Cambiamenti climatici “troppo rapidi perché la vita si adatti”. Shell sapeva, dal 1991

shell-cambiamenti-climatici-1024x439 - Copia[di Rete Clima su greenreport.itNon solo Exxon Mobil: la verità in un video prodotto un quarto di secolo fa (ma mai diffuso) dalla big oil, scoperto da The Guardian e The Corrispondent.

Se fossimo ai giorni odierni la definiremmo probabilmente di una azione di CSR (Corporate Social Responsbility), una forma di responsabilità ambientale da parte di una azienda preoccupata per le macro problematiche ambientali globali (originate peraltro anche dalle sue stesse attività nel mondo delle fonti energetiche fossili).

Stiamo parlando del video didattico e divulgativo “Climate of Concern” prodotto dalla Royal Dutch Shell nel 1991 ma mai reso pubblico, volto ad illustrare il cambiamento climatico e della sua pericolosità, con previsioni di riscaldamento assolutamente precise e coerenti (lo possiamo dire con il senno di poi, di oltre 15 anni di esperienza climatica) con l’incremento di temperatura effettivamente misurato negli anni a seguire.

Una azione meritoria da parte di una major del petrolio, una “big oil”, destinato al mondo delle università e dell’istruzione superiore (ma effettivamente mai divulgato!), mosso dalla chiara consapevolezza per cui i cambiamenti climatici stanno accadendo “ad un ritmo più veloce che in qualsiasi altra epoca dalla fine dell’era glaciale. Cambiamenti troppo rapidi forse perché la vita si adatti”. A fronte di una tale chiara e lucida coscienza scientifica, che ha motivato perfino la realizzazione di un video divulgativo sulla pericolosità del climate change già nel lontano 1991! (ripetiamo, mai diffuso), ci si sarebbe aspettati una azione imprenditoriale coerente con questo rischio ambientale riconosciuto elevatissimo dalla stessa azienda… ma la storia ci racconta invece un’altra cosa, un diverso comportamento della Royal Dutch Shell.

La storia ci ha infatti mostrato una azienda non solo fortemente impegnata nel settore petrolifero, ma quanto più attiva nel rallentare le politiche climate friendly, a giocare un ruolo a livello importante nel sostenere il negazionismo climatico.

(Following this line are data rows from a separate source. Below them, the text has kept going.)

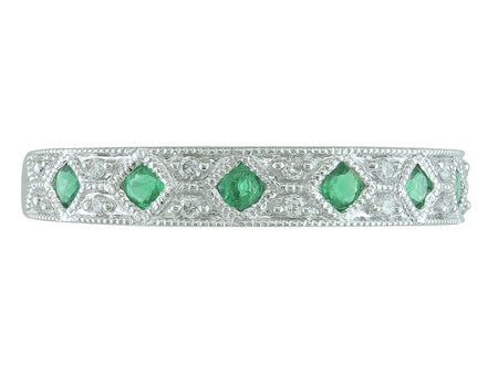 14K White Gold Milgrain Emerald & Diamond Geometric Band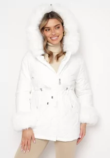Biała Kurtka Ozdobiona Futerkiem ze Ściągaczami w Talii i Kapturem Atermi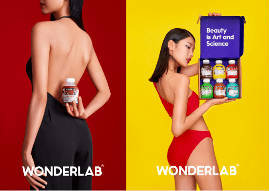 除了在产品定位上制造“矛盾感”,WonderLab还 在品牌视觉化设计上通过冲突来加深消费者印象。其品牌宣传海报通常为一位身材姣好的模特,若隐若现地展露着纤细的身材,配上色彩强烈的背景色,营造用户对瘦身的向往感。另外,品牌在产品包装上选择了圆润小巧的造型,并取名为“小胖瓶”,“小胖瓶”与纤瘦的模特形成了明显的反差,给予消费者强烈的视觉冲击,加强了品牌的记忆点,WonderLab的品牌名片就此成功打造。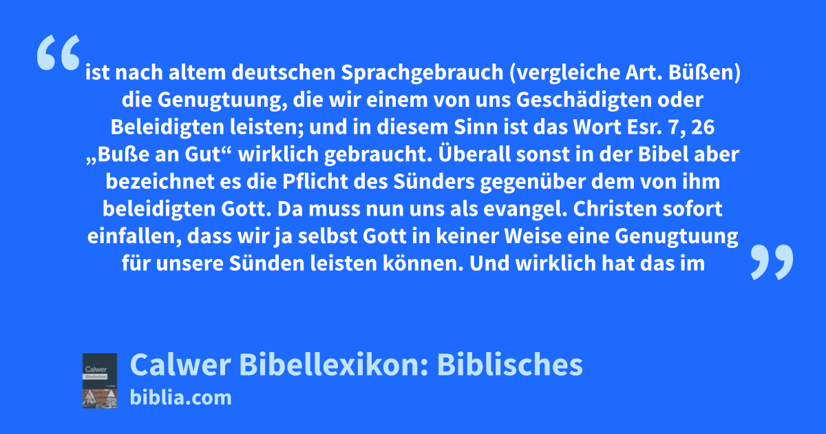 Buße ist nach altem deutschen Sprachgebrauch (vergleiche Art. Büßen) die Genugtuung, die wir einem von uns Geschädigten oder Beleidigten leisten; und in diesem Sinn ist das Wort Esr. 7, 26 „Buße an Gut“ wirklich gebraucht. Überall sonst in der Bibel aber bezeichnet es die Pflicht des Sünders gegenüber dem von ihm beleidigten Gott. Da muss nun uns als evangel. Christen sofort einfallen, dass wir ja selbst Gott in keiner Weise eine Genugtuung für unsere Sünden leisten können. Und wirklich hat das im Hebräischen und Griechischen Grundtext stehende Wort eine ganz andere Bedeutung als „Genugtuung“. Es bedeutet: Reue, Sinnesänderung. Es ist ein Beweis, wie weit die katholische Kirche des Mittelalters von der Erkenntnis des biblischen Heilswegs abgekommen war, dass in ihr das Wort „Buße“ das anfänglich auch in ihr richtig gebrauchte Wort „Reue“ ganz verdrängte, wo es sich um Erlangung der Sündenvergebung handelt.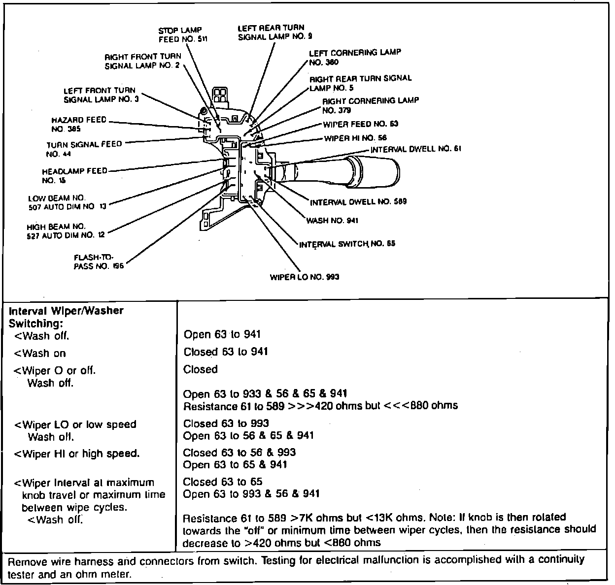 When testing a non-intermittent wiper switch, a self-powered test lamp or an ohmmeter can be used to check continuity. When testing an intermittent wiper switch, use only an ohmmeter to check continuity.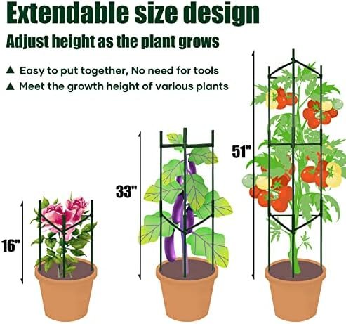 Each cage set features 9 assembled 50 inches sturdy stakes made of durable steel for reliable strength.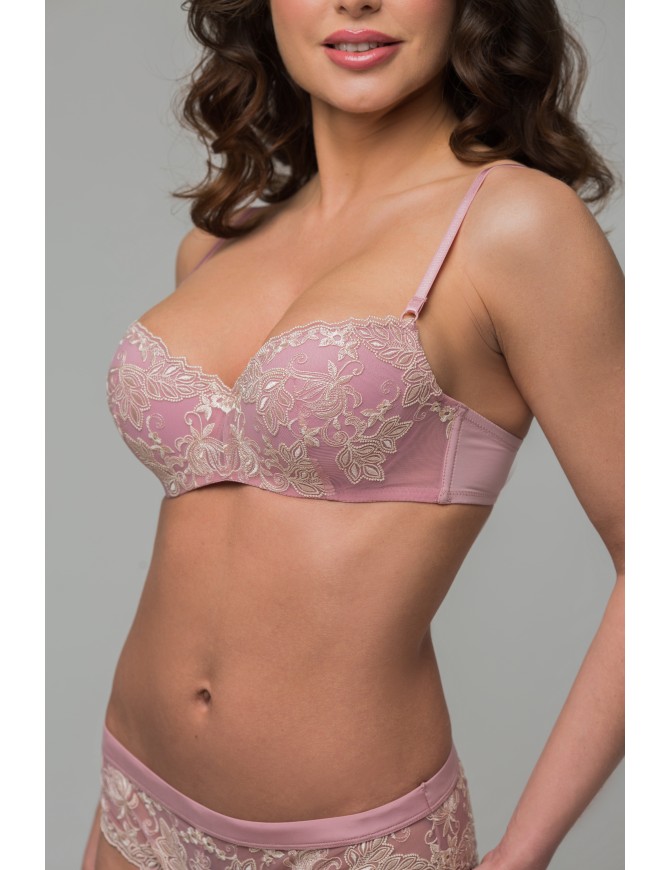Модель выполнена из изящной объёмной вышивки с элементами в стиле растительного барокко нежного молочного цвета на мягкой сетке пыльно-розового оттенка и мягкого блестящего полотна. Неклассический крой передней детали, скрывающий каркасы, создаёт эффект присборенности и приподнятости груди. Модель, благодаря необычному дизайну вышивки и нежного оттенка эластичного полотна, не оставит равнодушной ни одну современную представительницу прекрасного пола.

In questo caso c’è molto poco sa dire….a nostro parere questo documento è un atto di accusa grandissimo per la Shell, che potrà avere futuri strascichi magari anche legali, magari proprio da parte dei propri azionisti danneggiati dalle “politiche struzzo” di questa (e di altre) compagnie petrolifere: oggi alcuni tribunali sono infatti in prima linea nel “rileggere” l’azione storica di queste major del mondo del petrolio che, pur avendo così chiari i rischi climatici già molti anni prima che questi diventassero di dominio pubblico, hanno operato coscientemente negli anni per negarli e poter continuare così il proprio “business as usual”.

Una storia che appunto ricorda da vicino quanto recentemente accaduto ad Exxon Mobil, un’altra major del petrolio colta con le mani nel sacco ad aver realizzato (ed altrettanto celato all’opinione pubblica) un report in cui si evidenziava la consapevolezza in merito alla gravita dei rischi collegati al climate change… lì si è finiti in tribunale, qui vedremo.

Dice Jeremy Leggett, oggi imprenditore di energia solare ed ex geologo che ha studiato depositi di argillite con il finanziamento Shell e BP: «Il film mostra che la Shell aveva capito che la minaccia (del cambiamento climatico, n.d.r.) era gravissimo, potenzialmente compromissivo per l’esistenza della civiltà più di un quarto di secolo fa».

Ma in realtà Shell era a conoscenza dei rischi climatici già da tempo: un report aziendale confidenziale scritto nel 1986, fa notare il Guardian, sottolinea la possibilità di cambiamenti “rapidi e drammatici“, che “avrebbero potuto impattare sull’ambiente, sui futuri standard vitali, sulle forniture di cibo, avendo importanti conseguenze a livello sociale, sconomico e politico”.

Insomma, il futuro di oggi già previsto nel 1986…. senza che sia stato fatto niente, anzi finanziando il negazionismo climatico.